In our safety meta-analysis, we include 12 studies providing details on SAE. For all studies, fatal, and non-fatal SAE are explicitly reported as such in primary sources. Some trials had only few deaths but no other SAE (non-fatal = 0). One trial had no information on SAE [24]. The definition of SAE is not related to the presumed cause of the adverse event (e.g., “prolongation of existing hospitalization” is acknowledged as SAE regardless of causal relationship with the underlying disease). Additionally, the time of occurrence plays no role in SAE classification, except in cases where the event occurred within the timespan of the human drug trial. As part of the limiting factors of this meta-analysis, there was a large heterogeneity of the trials with respect to baseline stroke severity: NIHSS trial medians were reaching from 7 to 14. A stratified analysis on studies with mild (NIHSS < 8) versus moderate–severe (NIHSS ≥ 8) stroke provided no indication for impact on safety results (all interaction p ≥ 0.8), with one exception: for mild vs. moderate–severe stroke the test for subgroup differences regarding patients with at least one AE indicated moderate heterogeneity (I2 = 63.6%, p = 0.10), with lower risk ratios favoring Cerebrolysin in the moderate–severe subgroup (RR 0.95, p = 0.33), as compared to higher risk ratios in the mild subgroup (RR 1.26, p = 0.16).

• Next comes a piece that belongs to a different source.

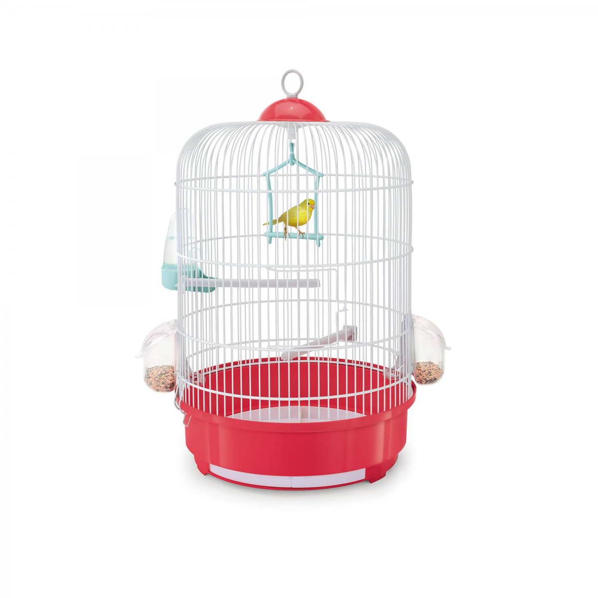 Pratica ed elegante, Milly � una gabbia rotonda di piccole dimensioni per canarini e altri piccoli uccelli. La struttura in rete metallica bianca � abbinata al fondo in plastica color rosso, mentre quella ottonata al fondo color marrone. � dotata di due aperture con comodo gancio di chiusura per accedere alla gabbia in sicurezza. L�altalena, due posatoi, un beverino Tweety 100 e due mangiatoie Star, facilmente riempibili di cibo dall�esterno, completano questa bella gabbia, rendendola il luogo ideale per accogliere i tuoi piccoli volatili. La pulizia della gabbia � facilitata da due piccoli cassetti estraibili.

Another limitation is the restricted information on study conduct from some of the included trials despite special requests for provision of additional information, as well as absence of more prolonged longitudinal safety observations (6 months, 1 year), which were not available from randomized clinical trials. These should be considered within the framework of future study designs.

The main strength of the current paper is the inclusion of the largest number of studies on Cerebrolysin after stroke so far, comprising a total of 12 randomized double-blind trials. An important advantage is the inclusion of additional material, requested from the original authors if publications with summarized safety sections were not providing enough data for all safety outcomes of interest, a problem many such studies are confronted with. Therefore, a maximum of safety-related data could be obtained. Another strength is the homogeneity of the safety results across all sensitivity analyses, supporting the main result and demonstrating the robustness of the safety results across all analysis pathways.

This comprehensive safety meta-analysis shows a very good safety profile for patients treated with Cerebrolysin after acute ischemic stroke as compared to placebo. While none of the analyses provided evidence for safety issues, there was a tendency to superiority of Cerebrolysin regarding serious adverse events in high dose treatments and in moderate–severe stroke. Further randomized clinical trials are welcome to provide additional evidence based on longer follow-up duration and mixed or repetitive treatment cycles. Moreover, the development of effectiveness studies would also contribute to enhancing the strength of current assertions regarding the safety of this intervention.